To determine the time-dependent inhibitory activity of prodrugs (compound 14 and 18), a mixture of inhibitor (at a stock concentration of 5 µM): S30 extract (1:4) was incubated at 37 °C for the specified period of time. The S30 extract was prepared as disclosed before²⁰. The addition of inhibitor to cellular extract was done at time point zero and after 2, 15, 60 and 120 min, respectively, 5 µL of this mixture was added to 15 µL of the aminoacylation mixture which was kept at 37 °C and which contains phosphate (50 mM, pH 7.5), DTT (1 mM), E. coli MRE 600 tRNA (5 g/L purchased from Sigma), ATP (3 mM), magnesium acetate (10mM), potassium acetate (100mM), and 28.6 µM of 14C-radiolabeled leucine. The aminoacylation reaction was quenched after one minute by addition of 4 µL mixture of 0.2 M sodium acetate pH 4, 0.1% N-lauroylsarcosine, and 5 mM leucine. Then 10 µL of the reaction mixture was spotted on 3MM Whatman paper and this was transferred to 10% cold TCA solution. The papers were washed thoroughly with 10% cold TCA (twice), then the papers were washed twice with acetone and later dried in air. Dried papers were transferred to scintillation vial followed by the addition of scintillation liquid (12 mL), the amount of radionuclide incorporation was determined using a Tri-card 2300 TR liquid scintillation counter.
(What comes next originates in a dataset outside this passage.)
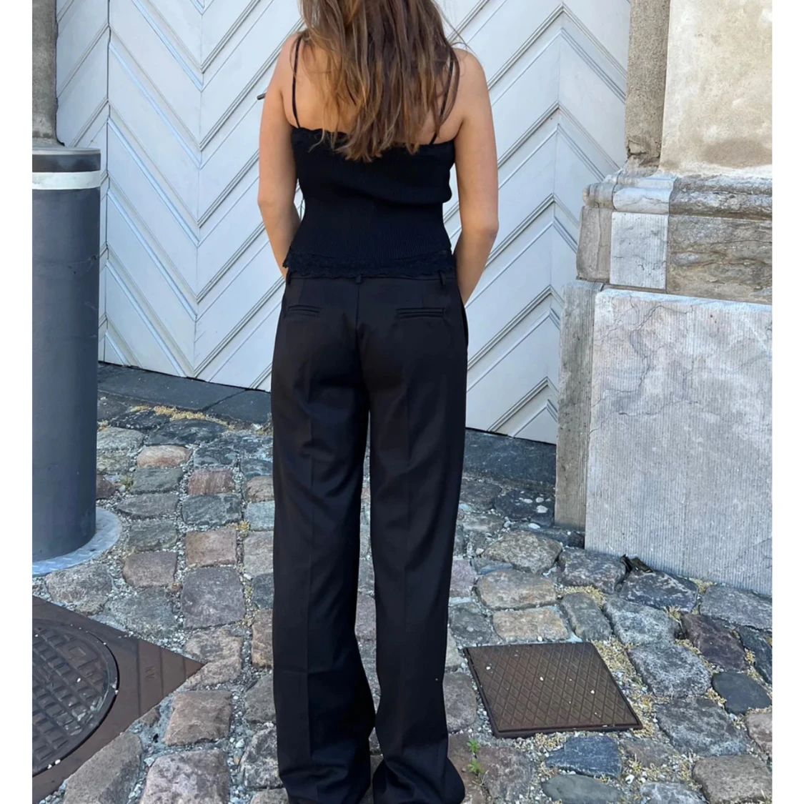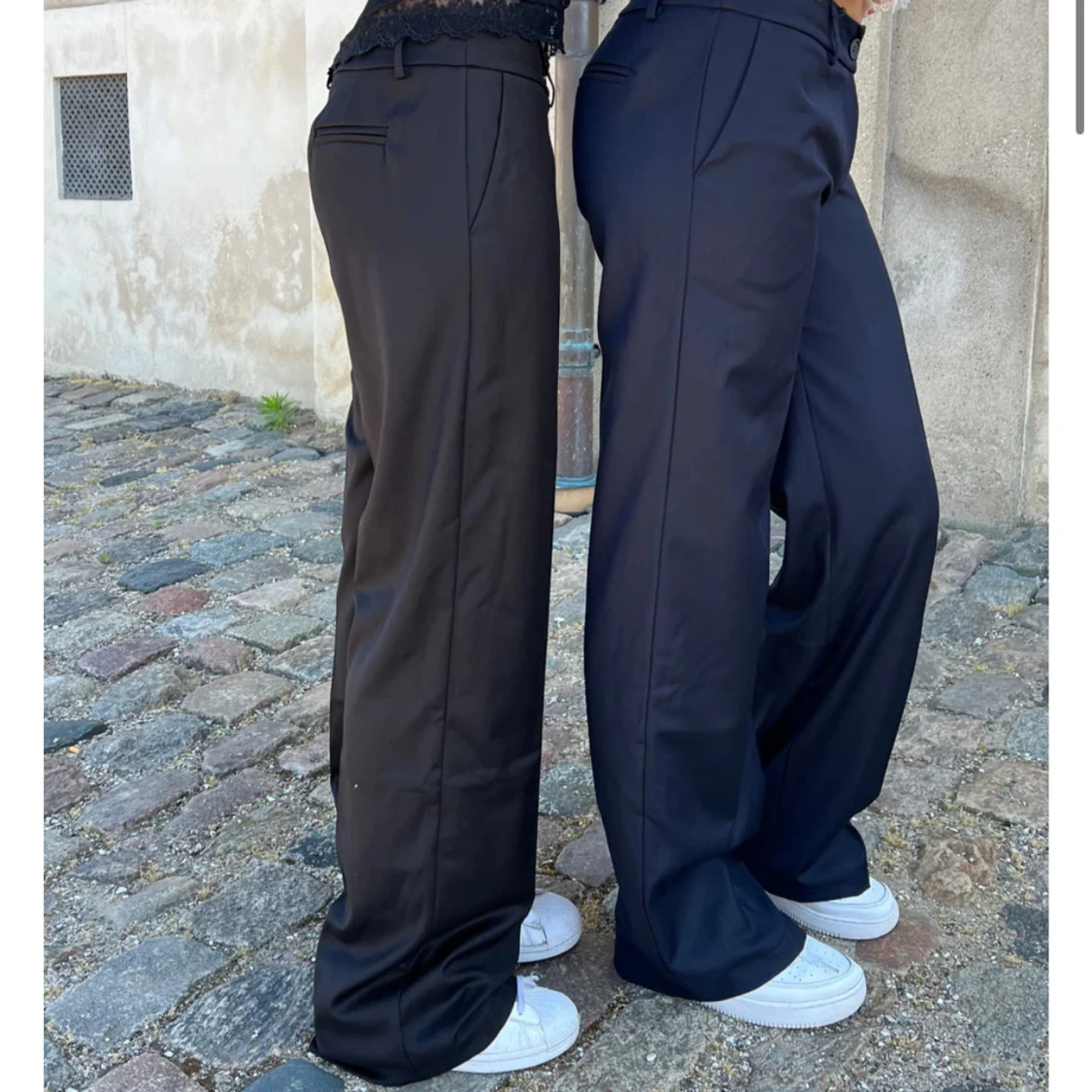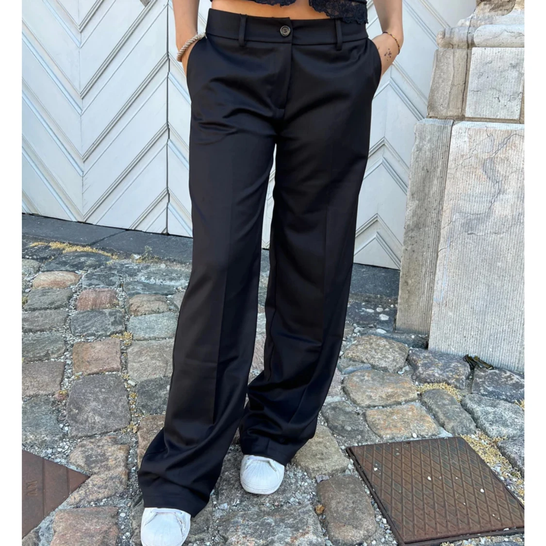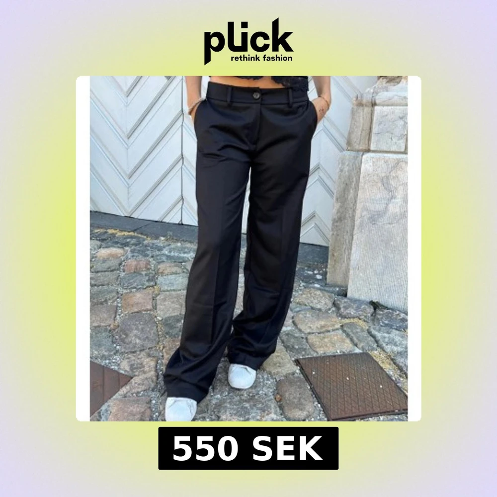 Snygga svarta kostymbyxor med vida ben och klassisk passform. Byxorna har låg midja, hällor för bälte, knapp och dragkedja framtill samt fickor på sidorna och bak. Perfekta för en clean och stilren look. Materialet känns mjukt och har en lätt glans. (Säjer då de inte kommer till användning)

6.5. Antimicrobial Testing

The respective microbes were inoculated overnight in LB medium (5 mL) and cultured again in the next morning in fresh LB medium (5 mL) till it reached the OD₆₀₀ of approximately 0.9. An amount of 10 µL of compounds made up in 50:50 DMSO:H₂O solution was used for testing. Compounds were serially diluted using 50:50 DMSO:H₂O mixture in a 96-well plate and 50:50 DMSO:H₂O solution was used as control. Next, 90 mL of bacterial cell culture grown to a OD600 of 0.05 was added. The cultures were next placed in an incubator at 37 °C, and subsequently, the OD600 was determined after 20–24 h. Bacterial strains and fungi used for the evaluations are S. aureus ATCC 6538P, S. epidermidis RP62A, E. coli NCIB 8743, P. aeruginosa PAO1, S. lutea ATCC9341 and C. albicans CO11. All experiments were performed in triplicate.